Fragmentation will take a story, cover a piece of it, and may not get the story through the entire cycle making the impression that the outcome is unimportant. This information bias makes the news sketchy and inconsistent. If a journalist only focuses on a snippet of daily news and leaves out the larger context the political actors within the story can use this form for promoting propaganda and go unchecked with inconsistencies in their own press releases, behavior and speeches. Personalization and dramatization give the news the feel of a novel or soap opera, fragmentation leaves it unfinished or forgettable.

The fourth information bias is authority-disorder bias. This type of bias paints the leaders and politicians within a situation as incompetent or questions their ability to restore order in a crisis or scandal. Of course, if the news paints politicians as unable to restore order, this heightens the dramatization. Then the news focuses on the personality of the politician being examined rather than the issue at hand. A consequence of this is the need for analysis on political figures rather than the situations that they are involved in. We want to see why President Bush did what he did after Hurricane Katrina rather than putting forth solutions and ideas for people to help.

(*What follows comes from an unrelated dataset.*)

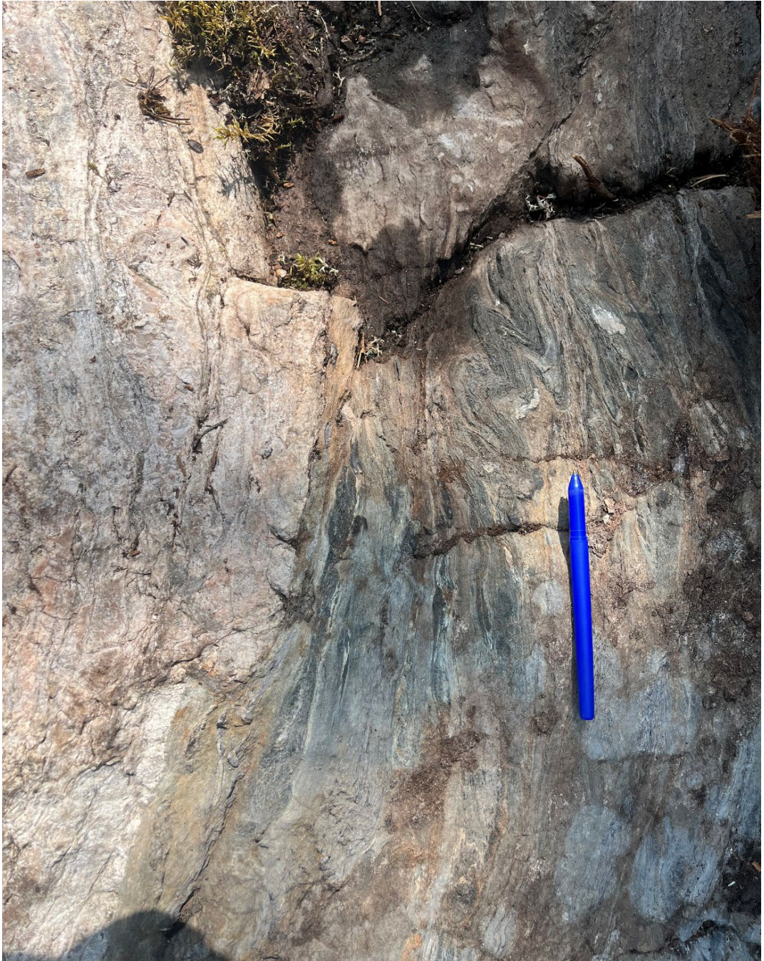
Figure 3: Pegmatite emplaced along a metasedimentary contact zone.

With all of the information bias, it isn’t hard to see why many American’s have an inability to grasp or understand complex world issues. Though it may not be completely news organizations fault, they do have a part to play in how and what information their audiences receive. Personalization, dramatization, fragmentation and authority-disorder bias lead the audience away from larger complex issues and into trivial emotional stories. These information biases, of course, leave the news to be faulty and disconnected from more important and pertinent information.




4 responses

5 04 2008

Thought provoking piece. Fundamentally, objectivity is impossible. Fairness is.

14 04 2008

Yay! very good post. I think the simple ideological bias is the least troublesome, unless it gets to the Limbaugh/Fox News level of bias. Liberal/conservative bias tends to either be pretty easy to spot and control for if it’s really there. More often, that sort of bias is in the eye of the beholder. I’ve seen some pretty good studies which show that often, liberals see conservative bias, conservatives see liberal bias, and uncommitted people see fairness in the same news stories. I think that’s very interesting.

Those other problems you mention are way more important, IMO, because what they add up to is a lack of context. Without context, it’s easy to trivialize important issues and make trivial issues all-consuming.

Are you familiar with the Work of Lance Bennett, Victoria? I have a book of his that talks about all of this stuff and more, using media coverage of election campaigns as examples. His first chapter touches all these types of bias, and his conclusions are about the same as yours, though your examples are a bit more relevant.

14 04 2008

Yeah, Lance Bennett’s “News: The Politics of Illusion” was my jumping off point.
I needed to synthesis some of the information for a class, and I thought it was good enough, so I posted it. Not many people are familiar with his work outside political science or media studies. That is why I believed it would be good for people to read. It is important stuff.


15 04 2008

Yeah. That’s the book I was thinking of. This is really important info. I tend to get bogged down analyzing issues and forget how few people know this stuff.

To me, the narrative structure is the most important bit. The more I learn about communication, the more I’m convinced that pretty much everything we do is determined in one way or another by stories we tell one another. Stories are one of the few characteristics of life beyond the basic biological needs that seem to be common to humans in all times and places. Maybe a real anthropologist would correct me on that, but I’ve never heard of a culture that didn’t have stories.